Pois bem, se prometer algo a Deus já é complicado, quanto mais fazer promessas em vistas de receber algo em troca. No mínimo, é estranho que a relação com Deus ou com os santos tome o caráter mercantilista da vida diária. Deus – e o mesmo pode ser afirmado sobre seus santos – não age por interesse, mas por pura gratuidade. Deus é bondade e amor sem fim. Ele já sabe nossa prece antes mesmo que ela saia de nossa boca. Ele é o Deus-amor, aquele que nos amou primeiro, aquele que se oferece a nós como dom em Jesus cristo.


Ora, se é assim, que sentido têm essas promessas?

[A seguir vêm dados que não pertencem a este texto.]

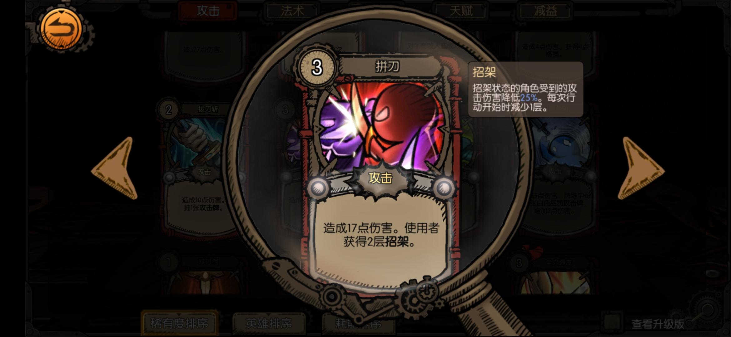 招架:带有这个状态的单位在持续回合内受到的所有伤害将减少25%(例如敌人对你发动了100*3的物理攻击.那么你实际会受到75*3的物理伤害)

Que significado pode ter o gesto de prometer levar uma perna de cera ao Santuário do Pai Eterno, caso venha a recuperar-se de um acidente de moto? E ficar sem comer doces, caso o candidato venha a passar no vestibular? E levar fotos do casamento, caso se arranje um marido? E ficar sem cortar os cabelos do filho, caso ele sobreviva de uma doença grave? Até parece que Deus ou os santos têm interesse nessas ofertas; que velas, cruzes e outros símbolos e gestos ofertados são aquilo que move o coração de Deus. Vale lembrar o que disse o salmista: “Vós não vos aplacais com sacrifícios rituais; e se eu vos ofertasse um sacrifício, não o aceitaríeis. Um coração contrito e humilhado, ó Deus,é o que não haveis de desprezar” (Sl 51,16).

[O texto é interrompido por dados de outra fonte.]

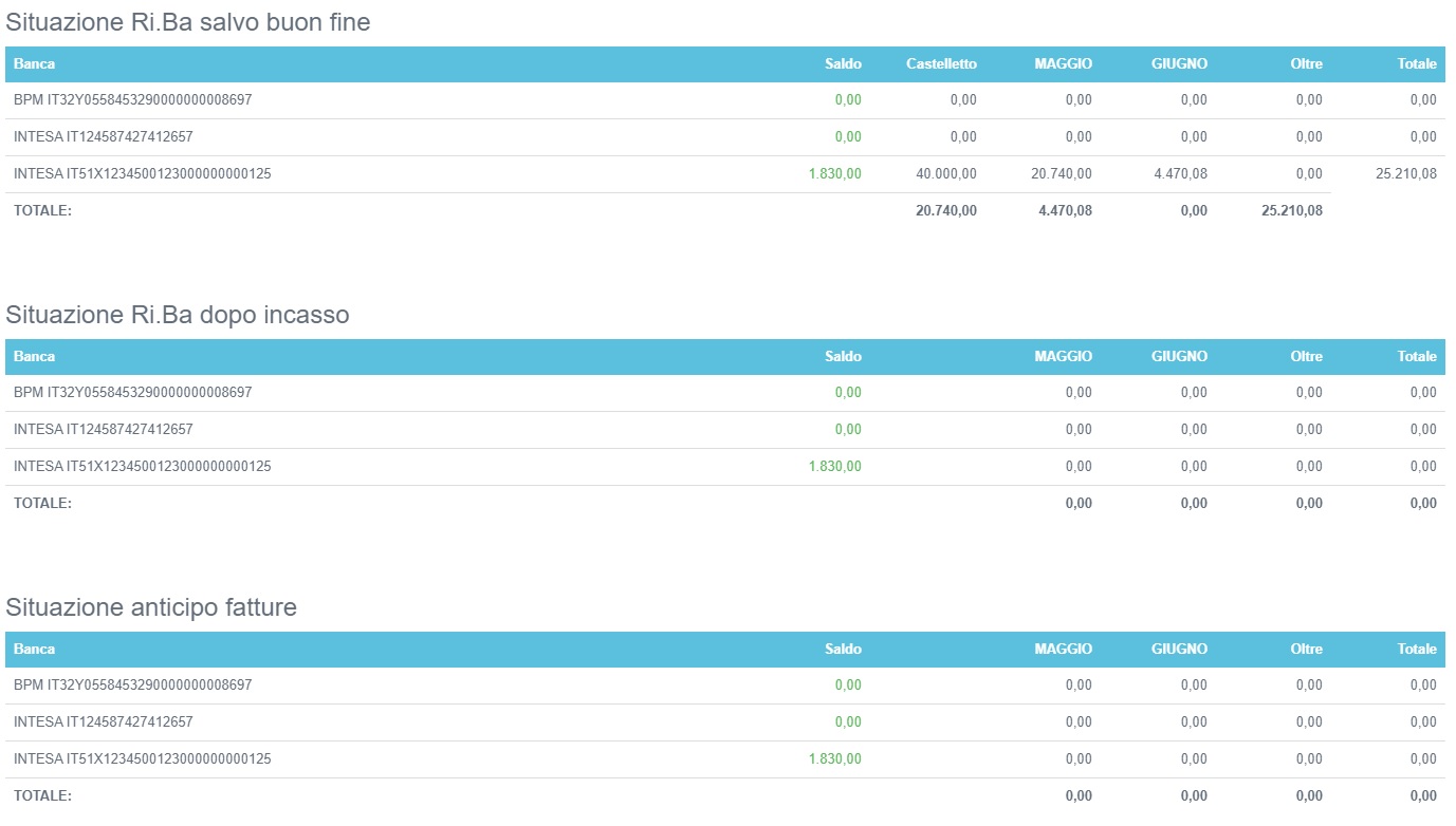 situazione delle scadenze Ri.Ba presentate al dopo incasso o al salvo buon fine oltre l'eventuale situazione di anticipo fatture.

Pois bem! Rir do povo, de sua fé simples, e menosprezar seus gestos religiosos não resolve o problema das promessas. Aliás, esse tipo de atitude pastoral nunca resolve nada; só cria mais problemas. Mas deixar também a religiosidade popular seguir seu curso sem nenhuma formação da parte da liderança católica seria omissão e preguiça pastoral. Nossa gente tem direito a uma teologia consistente e a uma espiritualidade profunda que a sustente na hora da crise, na hora do sofrimento, sem precisar desses artifícios meio mágicos e supersticiosos. É obrigação dos pastores formar sua gente com paciência e respeito. Para isso, duas coisas são necessárias: primeiro, parar de incentivar esses gestos de devoção; segundo, oferecer algo sólido que possa ocupar o lugar dessas práticas religiosas. Fica aí a dica!